[Start of Attachment]

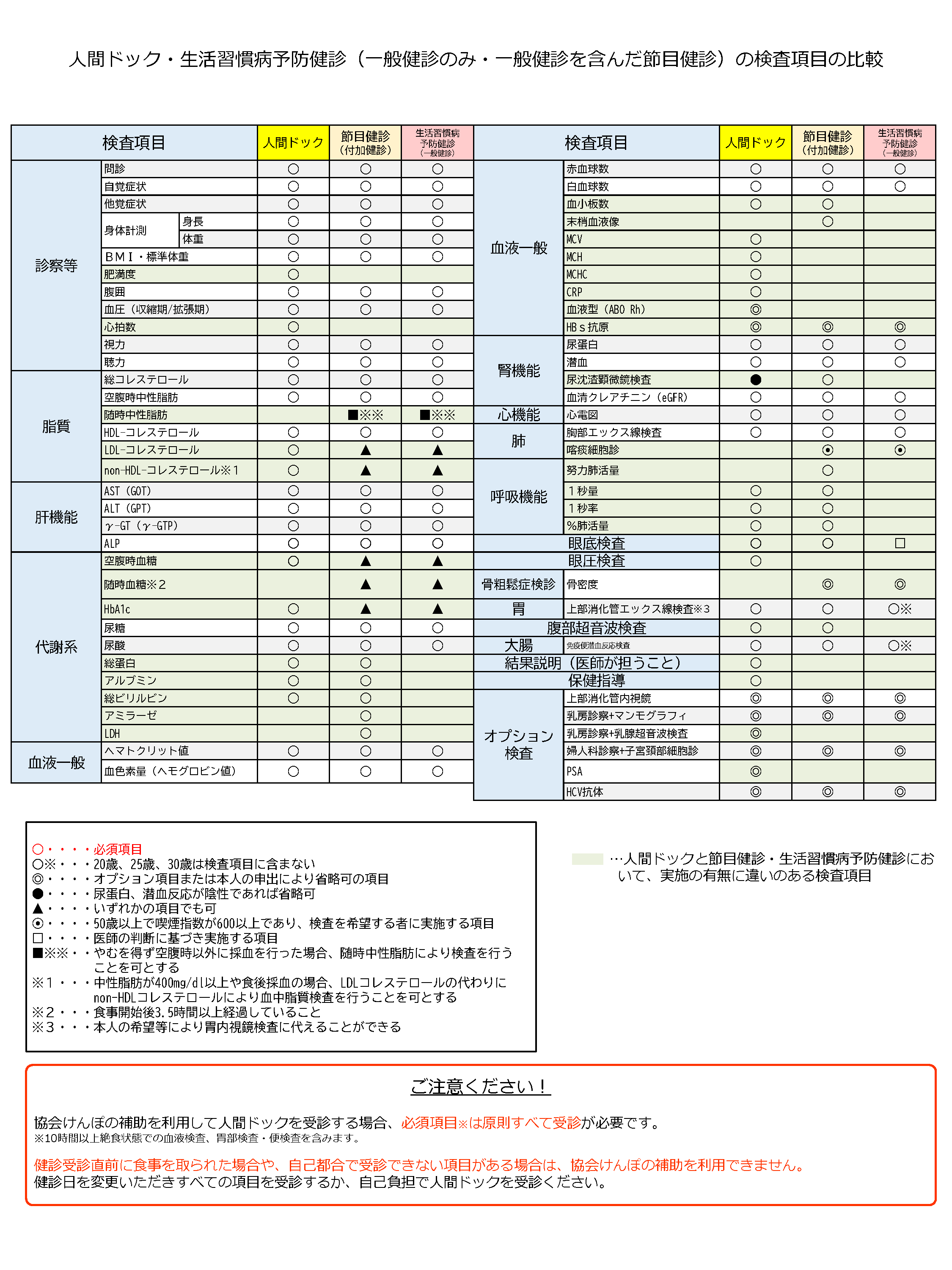 ※年度内で一般健診と人間ドック健診との補助併用はできません。
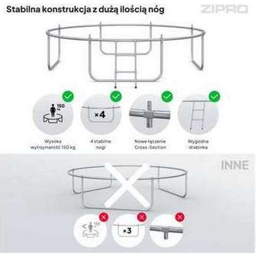 Батут ZIPRO Jump Pro PREMIUM був розроблений, щоб стати джерелом безтурботного задоволення для користувачів. Він дуже простий в установці і надзвичайно міцний, тому не боїться навіть тривалого та інтенсивного використання.
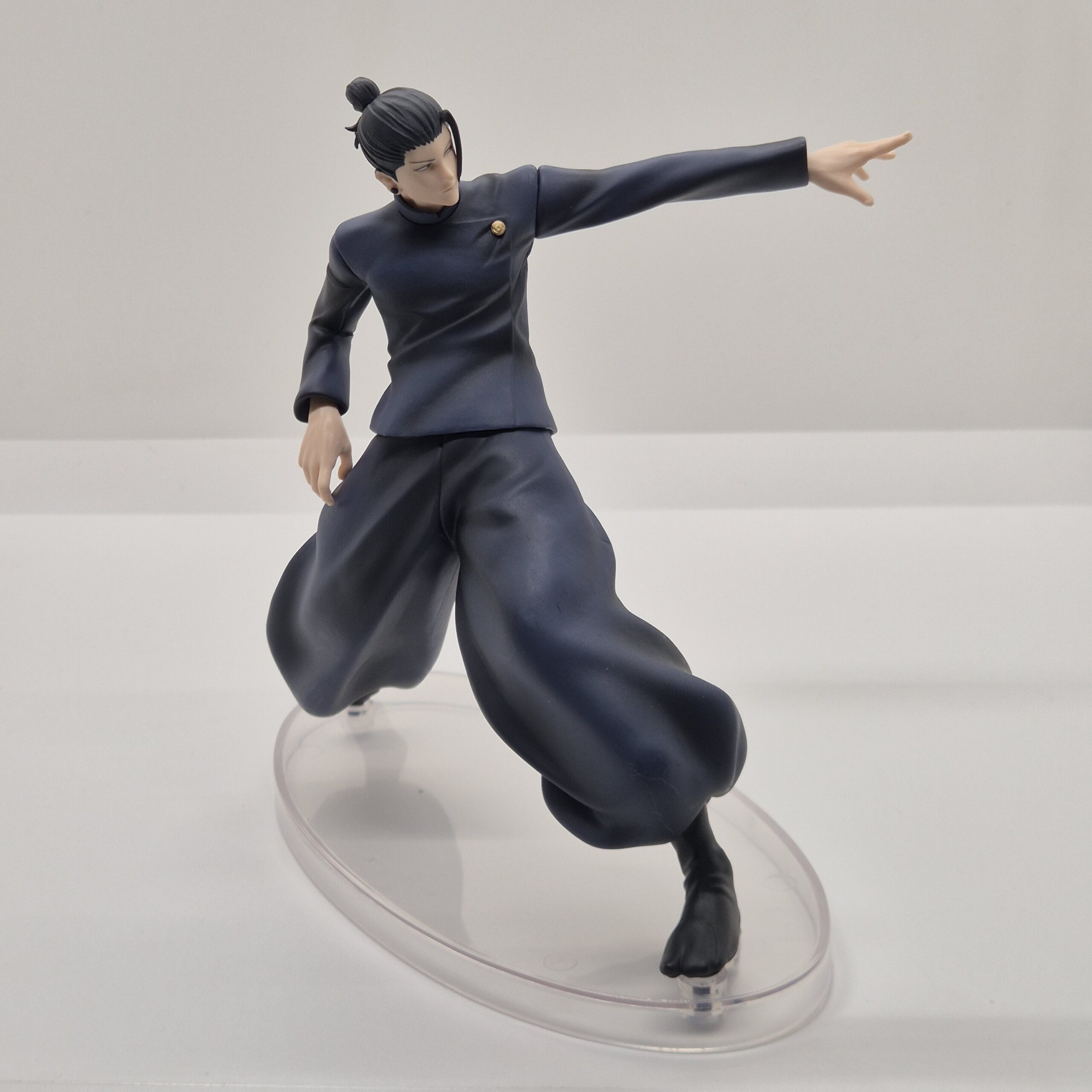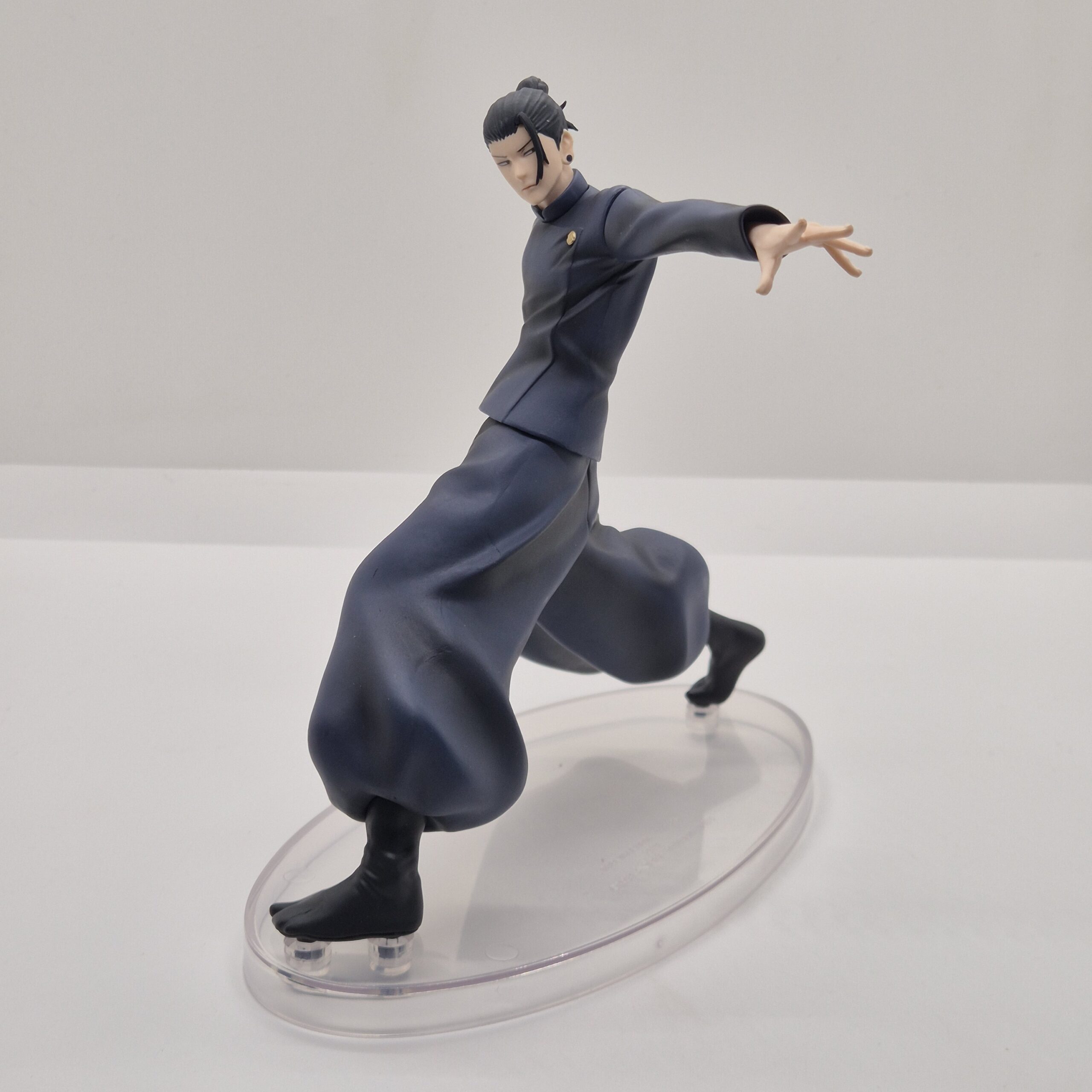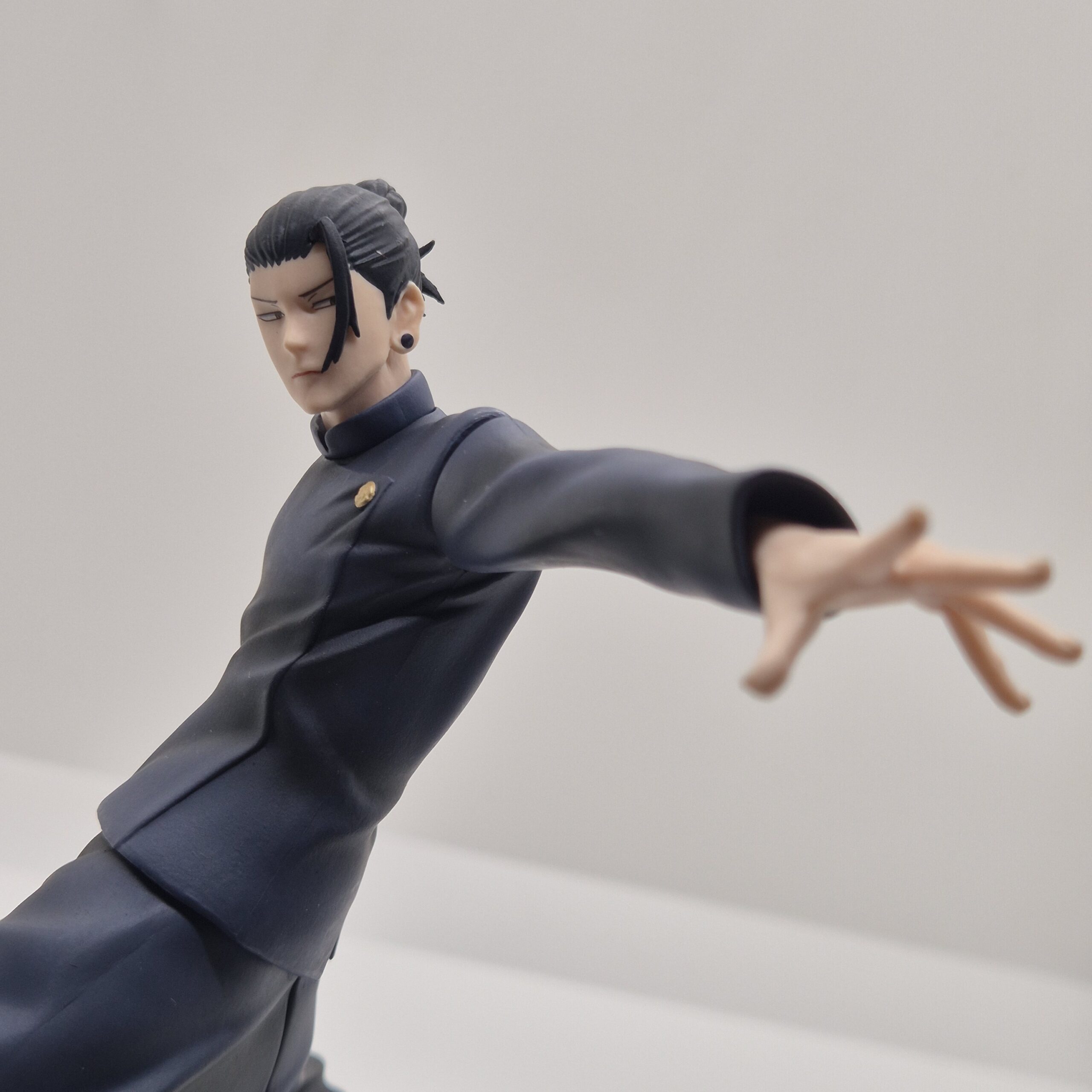 Geto è rappresentato con il suo classico abbigliamento scuro, elemento visivo che sottolinea il suo carattere serio e l’aura misteriosa che lo circonda. Il design della figura presta grande attenzione ai dettagli: pieghe dei vestiti, proporzioni e linee del volto sono resi con precisione, dando al personaggio un aspetto autentico e coerente con il suo design originale. Anche la postura scelta — rilassata ma non passiva — suggerisce una presenza pronta all’azione, con una tensione interna che sembra pronta a sprigionarsi da un momento all’altro.
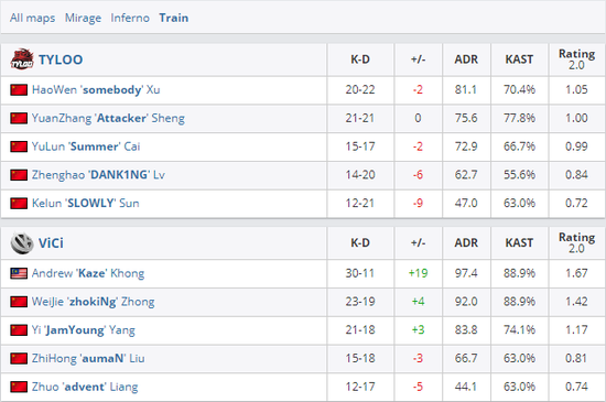 来到图三Train后,由于刚刚加时取胜胜利手感渐佳的VG打的非常大胆主动,将TYLOO的进攻悉数瓦解。多次默认掉人的TYLOO根本无力在后续展开战术,常常是以少打多无力补枪。在这张对配合要求极高的地图上,VG很快便以一个较大的分差拿下赛点,纵然TYLOO在下半场凭借个人能力连斩数分,但容错率太低最后还是输掉了本张地图。

[End of Attachment]

Goal of the exercise: Take the lines from the start of the material to the line with "Батут ZIPRO Jump", both included, and transcribe them exactly without the pictures.

Written solution:
 ※年度内で一般健診と人間ドック健診との補助併用はできません。
 Батут ZIPRO Jump Pro PREMIUM був розроблений, щоб стати джерелом безтурботного задоволення для користувачів. Він дуже простий в установці і надзвичайно міцний, тому не боїться навіть тривалого та інтенсивного використання.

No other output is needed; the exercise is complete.